BTW: Did I mention this is ‘day one’ and your radars and control nodes are the primary targets?As to Dr Friedman's unoriginal gnashing over IR emissions, I'll just paraphrase myself again:
Infra-red tracking is a short range capability. Just like for visible light digital detection systems, digital infrared detection requires at a minimum 1 pixel with detectable contrast to surrounding pixels. (Analog systems, such as the human eye require 1/2 arc-seconds 'width' contrasting against the field of view).These are clear-sky minimums. Any kind of moisture in the air between target and detector, or behind the target will reduce detection range. Typical operating altitudes commonly have a lot of this moisture equal or above them.
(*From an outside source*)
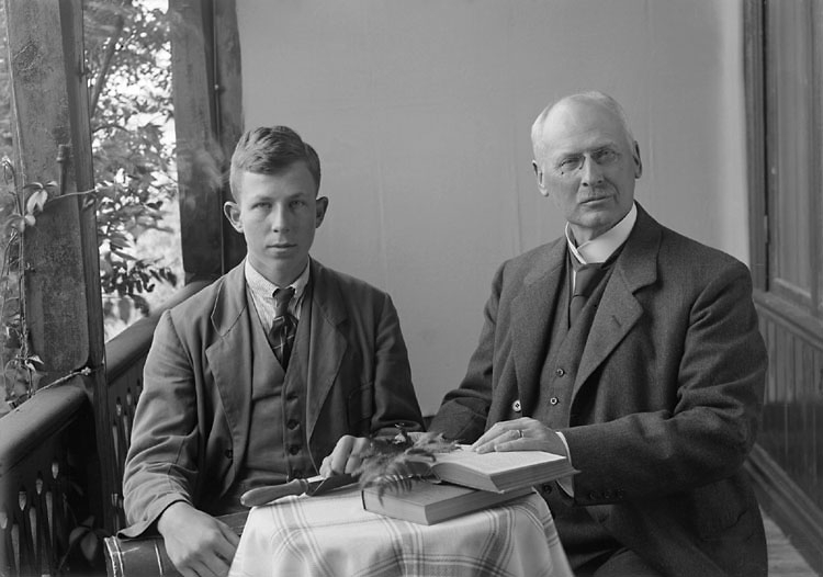 En äldre och en yngre man sitter vid ett bord med några böcker, på en veranda.
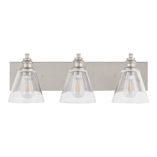 Manor 24 in. 3-Light Polished Nickel Industrial Bathroom Vanity Light with Clear Glass Shades

The total target contrast is attenuated by the physical properties of the atmosphere itself. The major constituent gases 'absorb' Medium IR frequencies, and those just happen to be the part of the bandwidth emitted by the jet exhaust. The Low IR and High IR bands aren't absorbed nearly as much, but that is OK, because the emissions are much lower as well -- so the management of these emissions is accomplished by selection of outer mold line shaping, coating colors and surface textures.
Fear is the Mind-Killer
Deptula runs rings around Friedman, stating cogent fact after fact. Friedman merely expresses fear after fear with little or poor rationale for that fear:"The way LPI usually works is you send out a signal that looks like noise and somehow you reassemble that signal when it comes back," said Friedman. That depends on massive processing power and sophisticated algorithms – which are becoming more available to everyone. Are you so much smarter in your processing than the other guy?"Dr Friedman reveals much here. If he understood how LPI actually worked he wouldn't imply it came down to being 'smarter' in processing. The LPI radar 'knows' what type it is, the carrier frequency used at any point in time, the modulation bandwidth used at any point in time, the modulation period, the scan timing that determines where the radar beam(s) is/are pointed at any one time, and when the radar modulation pattern used begins. The air defense systems, do NOT.
Sydney Freedberg does contortions to tie this mess of an article up at the end and there's much that in comparison to the above is simply niggling nonsense.
In closing, let me also note that among the most irritating aspects of these kinds of articles is the framing of the problem as essentially 'static' stealth designs against an onslaught of rapid progress in low observable detection schemes. Neither is standing still, and neither rely solely on 'technology', they rely on technology AND tactics.
P.S. And I've yet to see anyone make a convincing case to not make a weapon system as stealthy as possible ESPECIALLY in the face of advanced air defense systems.